A l’origine, la crise économique de 1671 est de plus en plus difficile à supporter par les paysans dont les seigneurs exigent durement leurs droits en nature, en travail et en argent.
Depuis 1661, Louis XIV règne seul sur la France. Ses ambitions démesurées, ses guerres, son goût du luxe coûtent très cher. Douze nouvelles taxes sont créées par son ministre des finances Colbert, entre 1664 et 1675 qui a décidé de passer outre les prérogatives des Etats de Bretagne qui refusent ces nouvelles taxes (Anne de Bretagne, par le traité de 1532 en acceptant d’être reine de France gardait ses privilèges au duché de Bretagne. L’édit royal  de l’union (non l’intégration)  de la Bretagne spécifiait  « Aucun impôt ne pourra être levé que par le Parlement et les Etats de Bretagne [i]»). Néanmoins, en 1673, un papier timbré est exigé pour tout acte notarié. En 1674, c’est la vente du tabac et une taxe sur la vaisselle d’étain qui tombe sous le contrôle royal…  Le Duc de Chaulnes, gouverneur de Bretagne, représentant du roi, explique à Colbert que les paysans s’émouvaient de la rumeur d’une nouvelle imposition sur le blé et sur le sel (gabelle)… Ecrasés par les impôts féodaux, la révolte gronde dans les villes et dans les campagnes. 
Le 2 juillet 1675, les révoltés rédigent le plus abouti des codes paysans  peut-être dans la chapelle Notre-Dame de Tréminou en Plomeur : Le Code paysan des quatorze paroisses : abolition du champart, des corvées, de la dîme ou du papier timbré, remise en cause des privilèges seigneuriaux, volonté de concorde entre paysans et gentilshommes et une justice équitable….
Dans une lettre du 5 juillet 1675 le duc de Chaulnes en informe Colbert. Le code paysan étonne l'Europe, l'ambassadeur de Venise en France en fait mention, comme certaines gazettes hollandaises et anglaises. C'est un texte bien construit, écrit sans doute par un ou plusieurs juristes. Or, le meneur le plus célèbre des Bonnets rouges, Sébastien Le Balp, a eu une formation de juriste à Nantes.
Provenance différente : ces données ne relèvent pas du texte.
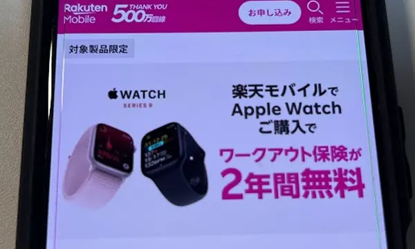 | Apple Watch購入でワークアウト保険が2年間無料! | 楽天モバイルでApple Watch購入で、ワークアウト保険が2年間無料 ※最大10万円補償 |
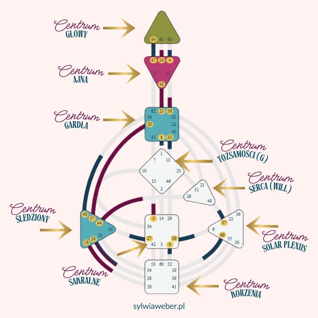 Z perspektywy centrów energetycznych w Human Design ta blokada dotyczy często otwartego centrum tożsamości (G), centrum serca lub centrum gardła — gdy czujemy, że musimy udowodnić światu, że jesteśmy „kimś”. Zwłaszcza, jeśli Twoje centrum G jest otwarte lub niezdefiniowane, to potrzebujesz przebywać w miejscach i z ludźmi, przy których czujesz się sobą. Jeśli po spotkaniu czujesz się „niewidzialna” lub napięta — to sygnał, że to prawdopodobnie nie Twoje środowisko i trudno Ci w nim działać. Centrum gardła z kolei odpowiedzialne jest nie tylko za komunikację, ale również za manifestację, czyli za to, żeby nasze działania napotykały na jak najmniejszy opór w świecie.

Un siècle avant la révolution française, ces codes paysans sont des textes précurseurs des événements à venir et ressemblent par nombreux aspects aux cahiers de doléances de 1789.… Selon L’historien Boris Porchnev la révolte de 1675 annonce 1789… Pour le Professeur émérite d’histoire moderne Alain Croix, la révolte est un affrontement entre la bourgeoisie et ses alliés d'une part, l'Ancien Régime d'autre part, comme lors de la Révolution française, « à une échelle différente.

La révolte en centre Bretagne va trouver un chef dans un notaire issu des classes populaires : Sébastien Le Balp.
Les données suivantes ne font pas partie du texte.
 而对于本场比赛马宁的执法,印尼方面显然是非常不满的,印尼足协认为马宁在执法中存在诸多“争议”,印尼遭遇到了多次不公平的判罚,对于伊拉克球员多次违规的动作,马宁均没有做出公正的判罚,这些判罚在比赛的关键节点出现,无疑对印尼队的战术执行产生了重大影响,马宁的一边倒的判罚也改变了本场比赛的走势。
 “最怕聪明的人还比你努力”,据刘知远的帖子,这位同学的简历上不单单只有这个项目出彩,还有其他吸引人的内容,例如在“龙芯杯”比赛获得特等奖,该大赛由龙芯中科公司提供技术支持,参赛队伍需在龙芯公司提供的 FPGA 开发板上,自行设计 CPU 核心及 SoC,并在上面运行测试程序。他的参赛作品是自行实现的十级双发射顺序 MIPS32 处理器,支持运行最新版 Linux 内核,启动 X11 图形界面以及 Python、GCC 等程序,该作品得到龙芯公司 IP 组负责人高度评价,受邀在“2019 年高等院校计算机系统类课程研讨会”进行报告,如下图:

Sébastien Le Balp sut organiser une armée bretonne de 6000 hommes - Bonnets rouges , mais 30 000 autres volontaires bretons le suivent sans avoir d’armes. (Le nom de Bonnets rouges est lié au bonnet que les insurgés du Poher (Finistère centre) choisissent comme signe de ralliement, ceux du pays bigouden avaient un bonnet bleu. On pourrait parler de révolte des Bonnets rouges et bleus mais le rouge sied mieux à l’image de révolte sans doute…).

Un des bourgeois de Carhaix témoigne que Sébastien Le Balp s'était "acquis une telle réputation parmi les paysans révoltés [...] qu'il s'était fait passer pour le chef, que lesdits révoltés suivaient entièrement ses ordres pour sonner les tocsins, pour s'attrouper et s'assembler où il voulait[...]"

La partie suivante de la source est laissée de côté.